■ Exercise objective ■
Copying rule for the data below: pictures stay out, and only the lines from the one with "do not change" down to the one with "特徴:襟はリブ仕様、吸水速乾、紫外線遮蔽", inclusive, are repeated exactly.

■ Supplied material ■
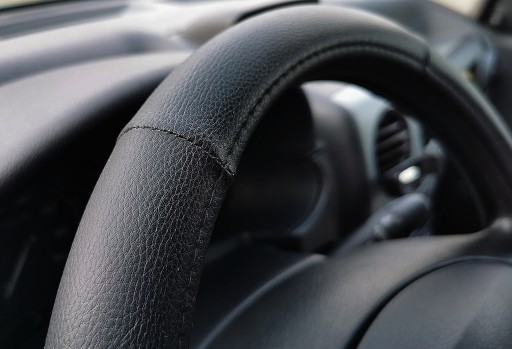 Pokrowiec na kierownicę wykonany z wysokiej jakości ekoskóry perforowanej połączonej z ekoskórą gładką.
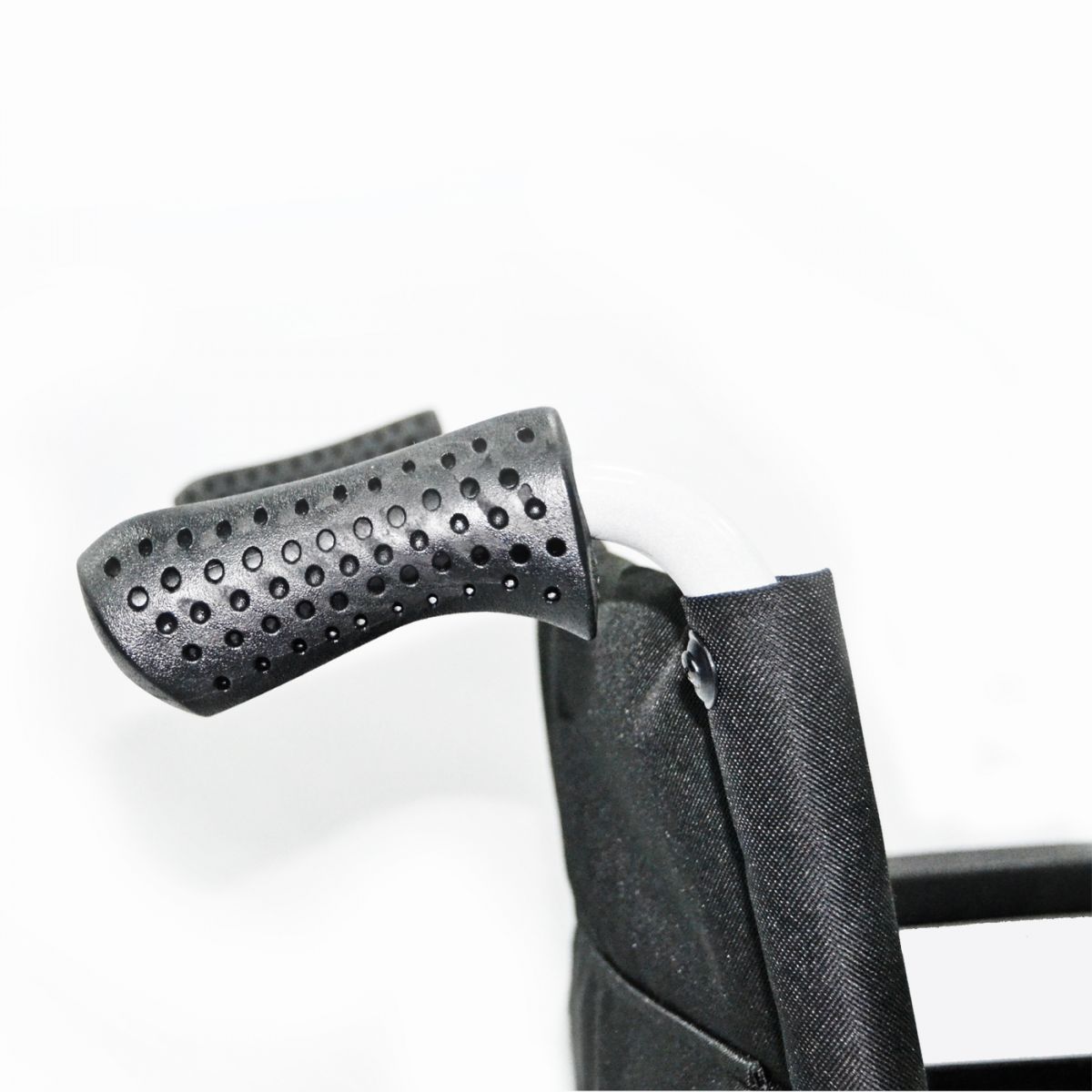 Зручні знімно-відкидні підлокітники для комфортного переміщення користувача з і в крісло. Накладки на підлокітниках скошені під кутом, що дає змогу людині безперешкодно під'їхати й комфортно розміститися за будь-якою поверхнею.
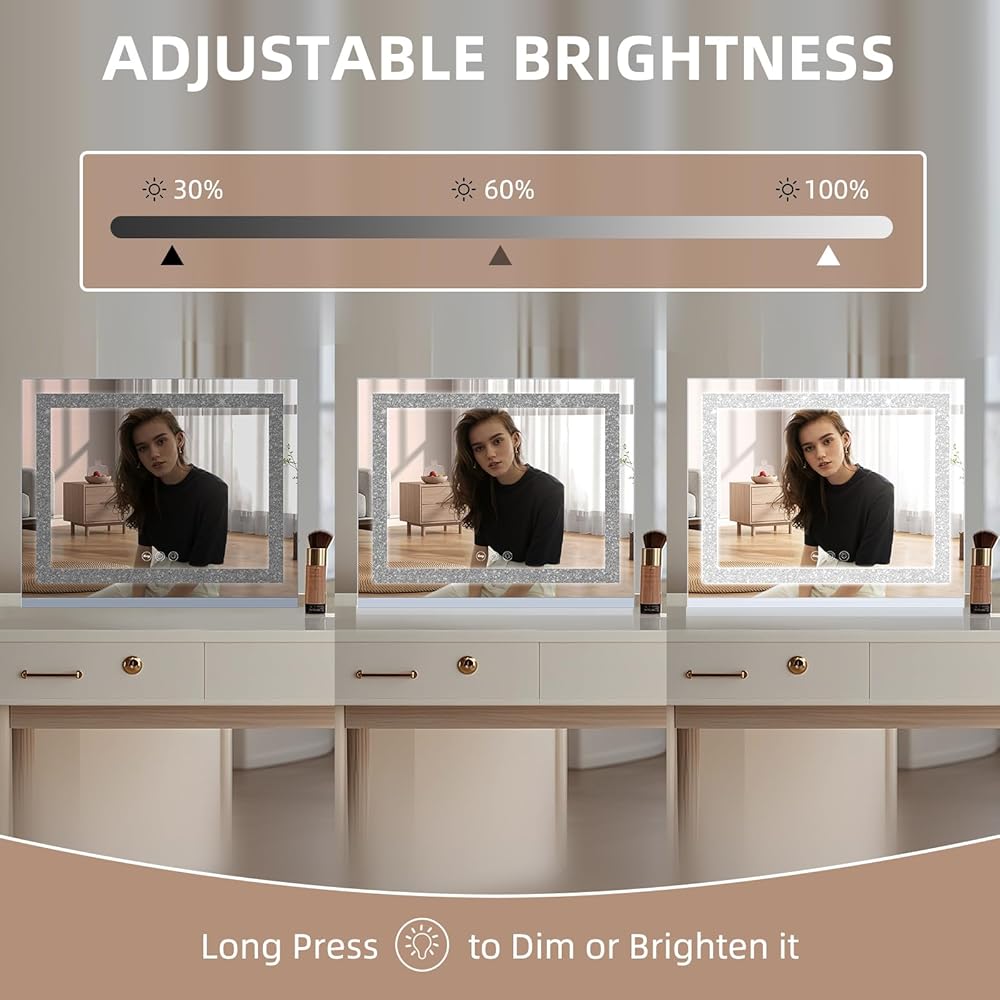 3 أضواء ألوان وسطوع قابل للتعديل: تحتوي المرآة المضيئة على ثلاثة إعدادات ألوان، ضوء دافئ 3000 كلفن، ضوء طبيعي 4500 كلفن وضوء بارد 7000 كلفن، يمكن تعديل السطوع من 10% إلى 100%. يوفر شريط إضاءة LED إضاءة ساطعة تدوم طويلاً، وهو ملائم للغاية لوضع المكياج في الليل أو الإضاءة الداخلية المنخفضة
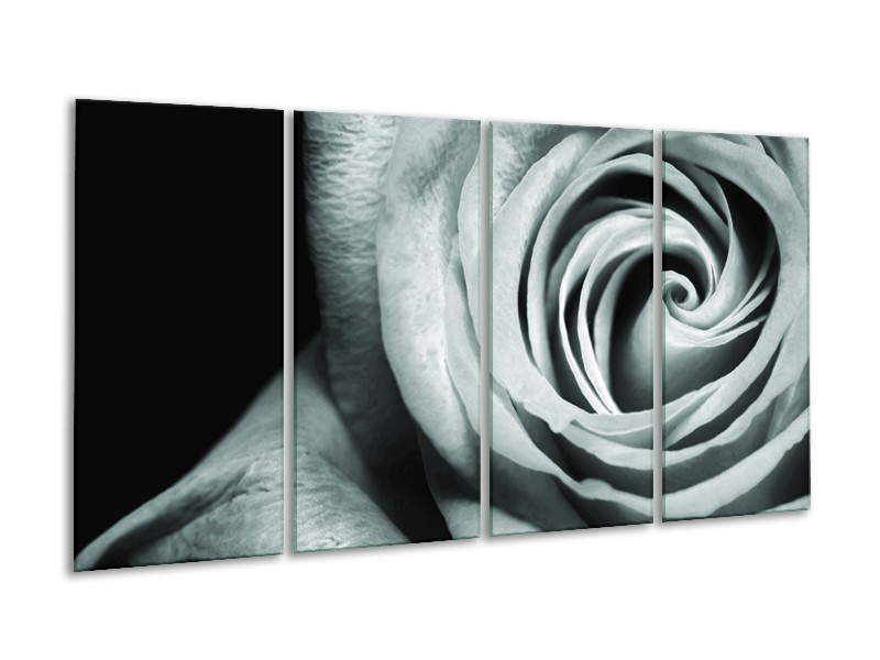 Glasschilderij Roos, Bloem | Grijs, Groen, Zwart | 160x80cm 4Luik
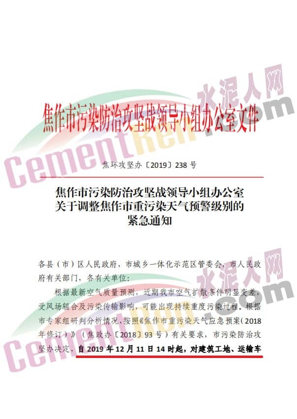 12月10日,河南省焦作市污染防治攻堅(jiān)戰(zhàn)領(lǐng)導(dǎo)小組發(fā)布了《關(guān)于調(diào)整焦作市重污染天氣預(yù)警級(jí)別的緊急通知》稱,根據(jù)最新空氣質(zhì)量預(yù)測(cè),近期焦作市空氣擴(kuò)散條件明顯變差,受風(fēng)場輻合及污染傳輸影響,可能出現(xiàn)持續(xù)重污染過程,根據(jù)市專家組研判分析情況,按照《焦作市重污染天氣應(yīng)急預(yù)案(2019年修訂)》(焦政辦[2018]93號(hào))有關(guān)要求,市污染防治攻堅(jiān)辦決定,自2019年12月11日14時(shí)起,對(duì)建筑工地、運(yùn)輸車輛及部分重點(diǎn)行業(yè)企業(yè)執(zhí)行重污染天氣紅色(一)預(yù)警管控,解除時(shí)間另行通知。具體減排措施如下:
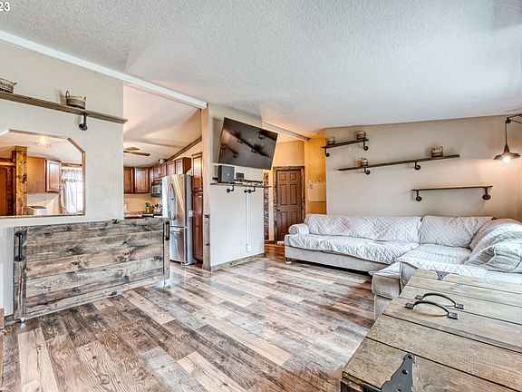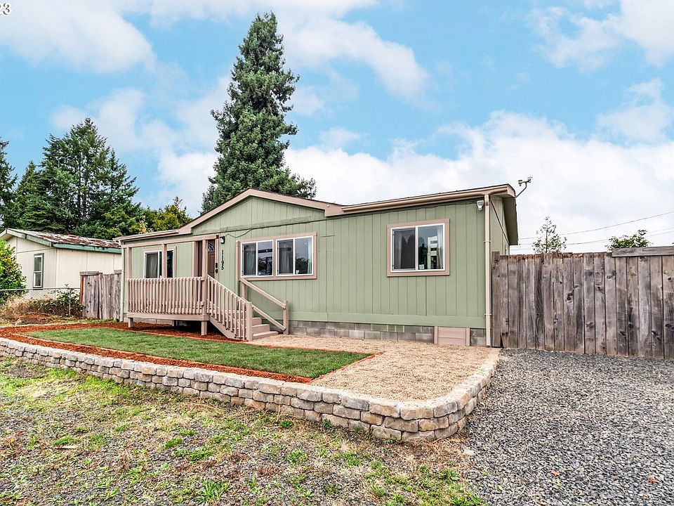 This spacious 3-bedroom, 2-bathroom manufactured home on it's own land offers an impressive 1120 SF of contemporary living space. The high ceilings create an airy ambiance, while the updated Pergo laminate flooring adds a touch of elegance & functionality to every room. Entertain effortlessly in the well-appointed kitchen, featuring ample countertop space w/ an island, eat-bar, built-in microwave and plenty of storage. Owner's bed w/ bath and walk-in shower. Separate utility room. As a bonus, step outside to your own private oasis where a large fenced backyard awaits, promising endless possibilities for outdoor gatherings, gardening, or simply enjoying some serene moments under the open sky. Plenty of room for RV parking. This home combines comfort, style, and functionality, making it the perfect haven for you and your family.
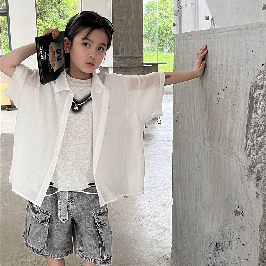 2024 summer children’s short-sleeved shirt tulle oversize boys and girls baby short-sleeved sunscreen shirt western style
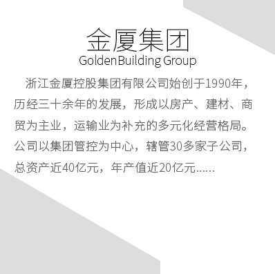 浙江金廈控股集團有限公司(簡稱“金廈集團”)始創于1990年,歷經30多年的穩健發展,逐步形成了以建材、房產、商貿為主業的多元化集團公司。公司注冊資本2億元,現有員工近1000名。金廈集團具有良好的行業品牌影響力與社會美譽度,近5年來,集團年產值超20億元,連續多年成為金華納稅50強企業,特別是2023年度金廈系為各級政府貢獻稅收超2.4億元。
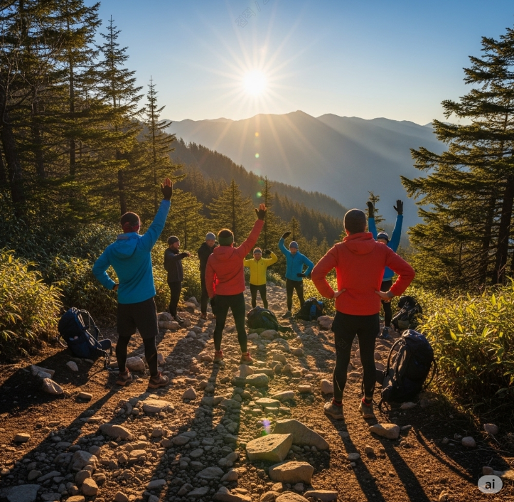 4. 심리적 준비 준비운동을 하는 시간은 '이제부터 등산을 시작한다'는 신호를 뇌에 보내는 것과 같습니다. 이를 통해 산행에 더욱 집중하고, 변화하는 지형에 신속하게 반응할 수 있는 심리적 준비 상태를 갖추게 됩니다.
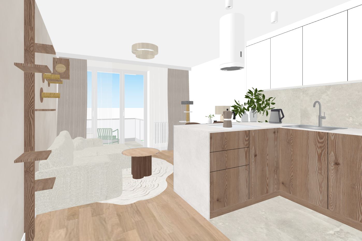 do not change anything walls are cream colour ceiling is white light wood on a floor through the window block of flats view the tiles on a floor and above the desk no so dark
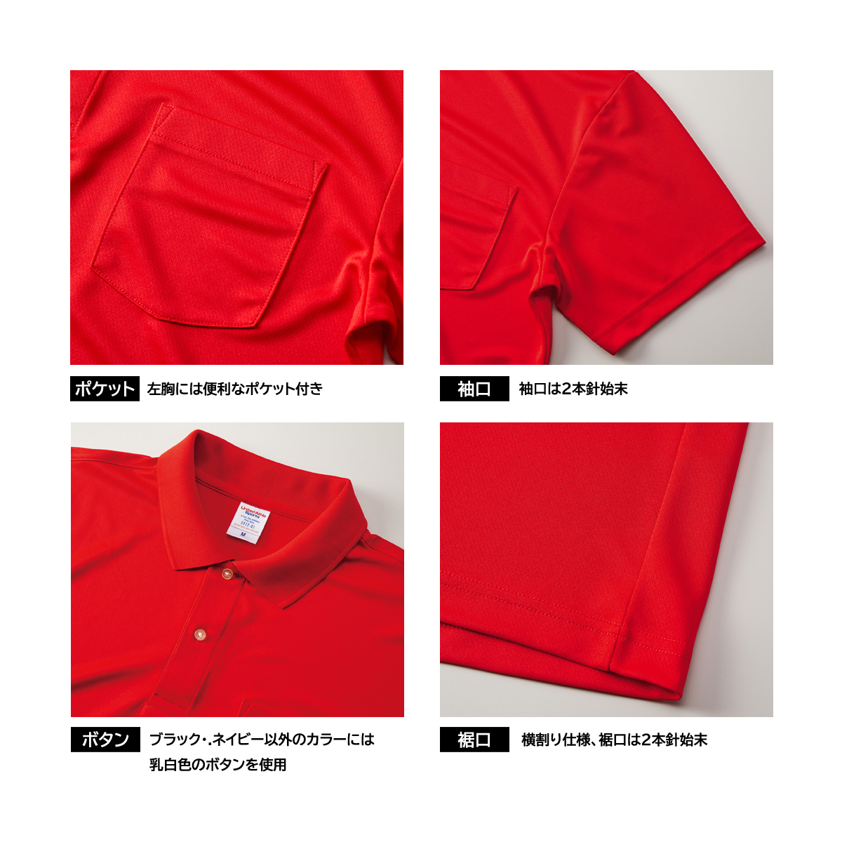 特徴:襟はリブ仕様、吸水速乾、紫外線遮蔽
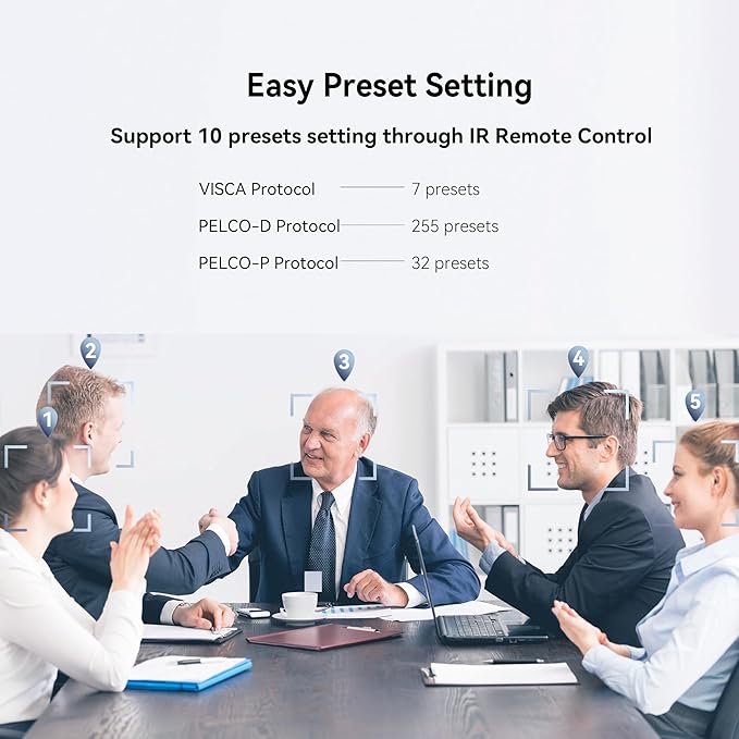 - 🌟【𝐒𝐦𝐨𝐨𝐭𝐡 𝐚𝐧𝐝 𝐒𝐢𝐥𝐞𝐧𝐭 𝐏𝐚𝐧/𝐓𝐢𝐥𝐭 𝐌𝐨𝐯𝐞𝐦𝐞𝐧𝐭】Tenveo PTZ Conference Camera can be controlled remotely to rotate 350° (±175°) horizontally and 180°(±90°) vertically in an accurate, smooth and silent way. It is also supportive of 10 presets setting through the IR Remote Control and is available to set up to 255 presets via RS232 and RS485 interfaces for professional control. The convenient way could quickly control the PTZ camera pan, tilt, zoom, and move to the preset position for close-up sequence.

■ Solution ■
 do not change anything walls are cream colour ceiling is white light wood on a floor through the window block of flats view the tiles on a floor and above the desk no so dark
 特徴:襟はリブ仕様、吸水速乾、紫外線遮蔽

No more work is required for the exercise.